A high-modulus HMPP spiral wound structure wall tube was designed, which adopts two sets of inner tubes, and is equipped with an outer metal reinforcement layer, an inner lining layer, a load-bearing layer and an outer wear-resistant layer. Partial disassembly and docking are achieved through docking components, including docking sleeves, sealing gaskets, positioning rods and bolt structures.
It allows for the removal of only specific pipe sections when partial damage occurs, reducing replacement costs. Furthermore, the single-unit pipe section facilitates transportation and docking, improving the flexibility of transportation and use.
Smart Images

Figure CN224414656U_ABST
Abstract
Description
Technical Field
[0001] This utility model relates to the field of wound wall tube technology, and in particular to a high modulus HMPP wound structure wall tube. Background Technology
[0002] Polypropylene spiral wound structured wall pipe is made from high-quality high-modulus polypropylene (HMPP) as raw material and processed by a secondary winding process. The product is beautiful and environmentally friendly, with high ring stiffness and ring flexibility. It provides electrofusion welding or rubber ring connection to effectively prevent leakage problems. It can be used as drainage and sewage pipes, integrated pump station shells, large storage tanks, etc.

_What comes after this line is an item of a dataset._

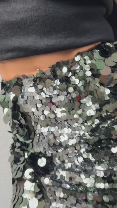Minigonna a vita alta in maxi paillettes piombo con elastico in vita, un capo perfetto per brillare con stile durante le tue serate, party o eventi speciali. Realizzata in tessuto decorato con paillettes scintillanti, cattura la luce a ogni movimento, donando un effetto luminoso e sofisticato. L'elastico in vita garantisce una vestibilità comoda e versatile, adattandosi perfettamente alla silhouette senza rinunciare allo stile.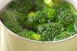 たっぷりの熱湯でブロッコリーをゆでてザルに上げ、水気をしっかり切る。

[0003] Some existing HMPP spiral wound pipes are quite long, which not only makes them inconvenient to transport, but also requires the entire pipe to be replaced when it is damaged, rather than replacing only a part of it. This not only consumes a lot of time for replacement, but also increases the cost of use. Utility Model Content
[0004] Given that some existing HMPP spiral wound pipes are too long, making them inconvenient to transport, and that when the pipes are damaged, the entire pipe needs to be replaced instead of just a part, which not only consumes a lot of time but also increases the cost of use, this utility model was proposed.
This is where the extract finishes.